Bug 779893 – gegl:gray and gegl:saturation produces slightly different results with cpu and opencl

After an evaluation, GNOME has moved from Bugzilla to GitLab. Learn more about GitLab.
No new issues can be reported in GNOME Bugzilla anymore.
To report an issue in a GNOME project, go to GNOME GitLab.
Do not go to GNOME Gitlab for: Bluefish, Doxygen, GnuCash, GStreamer, java-gnome, LDTP, NetworkManager, Tomboy.

Bug 779893 - gegl:gray and gegl:saturation produces slightly different results with cpu and opencl


Summary:	gegl:gray and gegl:saturation produces slightly different results with cpu an...


Status:	RESOLVED WONTFIX

Product:	GEGL
Classification:	Other
Component:	opencl
Version:	git master
Hardware:	Other Linux

Importance:	Normal normal
Target Milestone:	---
Assigned To:	Default Gegl Component Owner
QA Contact:	Default Gegl Component Owner

URL:
Whiteboard:

Depends on:
Blocks:

Reported:	2017-03-11 10:28 UTC by Øyvind Kolås (pippin)
Modified:	2017-10-09 14:32 UTC

See Also:
GNOME target:	---
GNOME version:	---

Description Øyvind Kolås (pippin) 2017-03-11 10:28:25 UTC

When introducing bit exact regression tests for GEGL operations, gegl:gray ends up having an off by one in one pixel of the test image. 
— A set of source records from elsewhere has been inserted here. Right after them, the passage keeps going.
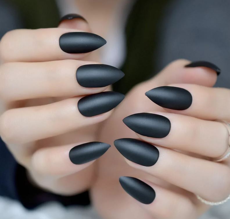 Красиво заострить можно только длинные ногтевые пластины. Острые ноготки средней длины – неудачный вариант. Наращенные ногти острые – это холст для мастера нейл-дизайна. На них можно создавать целые композиции. Модный вариант на повседневную носку – матовый маникюр. Цвет в этом случае может быть любой. В 2019 году популярен черный колор.
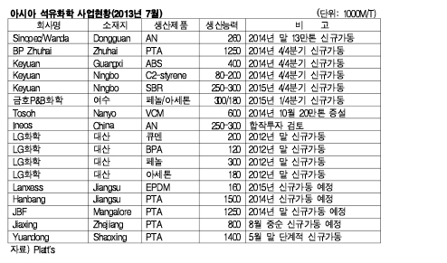 표, 그래프: < 아시아 석유화학 사업현황(2013년 7월) > <화학저널 2013/08/09> |
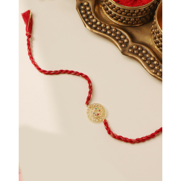 This beautiful rakhi is inspired from the Mandala art and handcrafted using navratna gemstones which are know to balance energies and bring good fortune to the wearer. Hand made using 18k gold plated brass with gemstones, red and gold organic cotton threads.
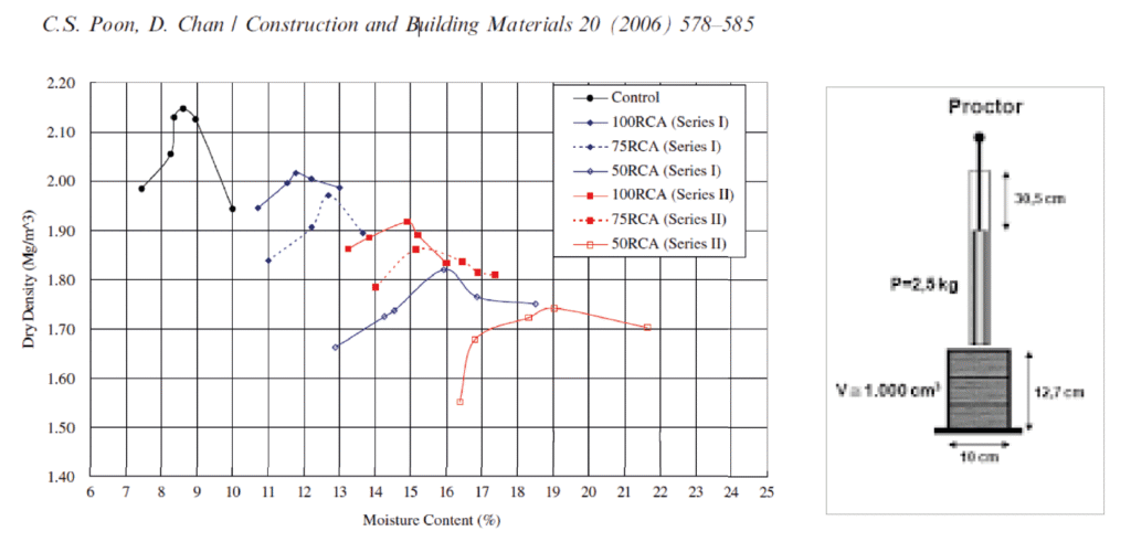 É utilizado o ensaio de Proctor em energia normal, padronizando a altura de queda do cilindro de 2,5 kg (Figura 18). A massa específica seca máxima e a umidade ótima mudam em função do tipo de AR usado. Em campo, a massa específica obtida na compactação é comparada com a do ensaio de laboratório, devendo atingir, no mínimo, o mesmo valor, ou seja, 100% do valor previsto pelo ensaio.
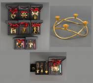 Negen vergulde messing kerstdecoraties, jaaruitgaven 2009 tot en met 2017, vergulde messing 'advent crown' kaarsenhouder, en vier vergulde messing ornamenten: twee hartjes, één engel en een bel, alle uitvoering Georg Jensen, Denemarken, alle in originele verpakkingsdozen

In this resulting image: http://gegl.org/images/examples/gegl-gray.png

The pixel at coordinates 37, 9 is 115,115,115,255 for the opencl rendering code paths using beignet and 114,114,114,255 for the non opencl code path. Leading to mismatched md5 checksums of the test images.

Comment 1 Øyvind Kolås (pippin) 2017-03-11 14:10:17 UTC

gegl-saturation has similar off by one errors but for 3 different pixels.

Comment 2 Thomas Manni 2017-03-17 23:50:31 UTC

Concerning the gegl:gray operation, the issue has nothing to do with the CPU/OPENCL operation codes themselves, since they only move pixels from one place to another without alteration.

CPU uses memmove https://git.gnome.org/browse/gegl/tree/operations/common/grey.c#n54
OPENCL uses clEnqueueCopyBuffer https://git.gnome.org/browse/gegl/tree/operations/common/grey.c#n70

CPU / OPENCL divergence observed (gegl-tester shows 2 different hashes) is related to babl conversion and the BABL_TOLERANCE value.

gegl-tester loads docs/example/standard-input.png (via gegl:png-load) to produce a R'G'B'A u8 buffer, which need to be converted to YA float (format asked by the gegl:gray prepare function) so the conversion is R'G'B'A u8 to YA float.

OPENCL code uses rgba_gamma_u8_to_yaf kernel https://git.gnome.org/browse/gegl/tree/opencl/colors-8bit-lut.cl#n362 to perform the conversion and produces the hash 6f1ee8b1802e1f5bf4225884800b55a2

Running gegl-tester with GEGL_USE_OPENCL=no BABL_TOLERANCE=0.0, CPU code conversion uses fish reference and produces a different hash 43ddd80572ab34095298ac7c36368b0c

Running gegl-tester with GEGL_USE_OPENCL=no (with the default BABL_TOLERANCE), CPU code conversion uses fish path (R'G'B'A u8 to RGBA float ; RGBA float to YA float) and produces a same hash as OPENCL code  6f1ee8b1802e1f5bf4225884800b55a2

Comment 3 Øyvind Kolås (pippin) 2017-03-26 02:10:04 UTC

This makes me wonder if perhaps the reference of babl should be single precision float, this might even speed babl up a little bit.

Comment 4 Øyvind Kolås (pippin) 2017-05-04 15:55:52 UTC

gegl:gray is now producing the 43ddd80572ab34095298ac7c36368b0c hash for both CPU and OpenCL implementations on my system.

Comment 5 Øyvind Kolås (pippin) 2017-10-09 14:32:09 UTC

The constants used for R'G'B' -> Y conversion are now computed from first principles, and rounded to ICC s15f16 precision with neutral gray axis, the hashes will have changed again.

Though I have also observed clang vs gcc yield slightly different results, and expect slightly different resutls for different internal floating point representations for intermediate results.

Slightly different results are to be expected, even if it would be really nice if we could have consitent hashes.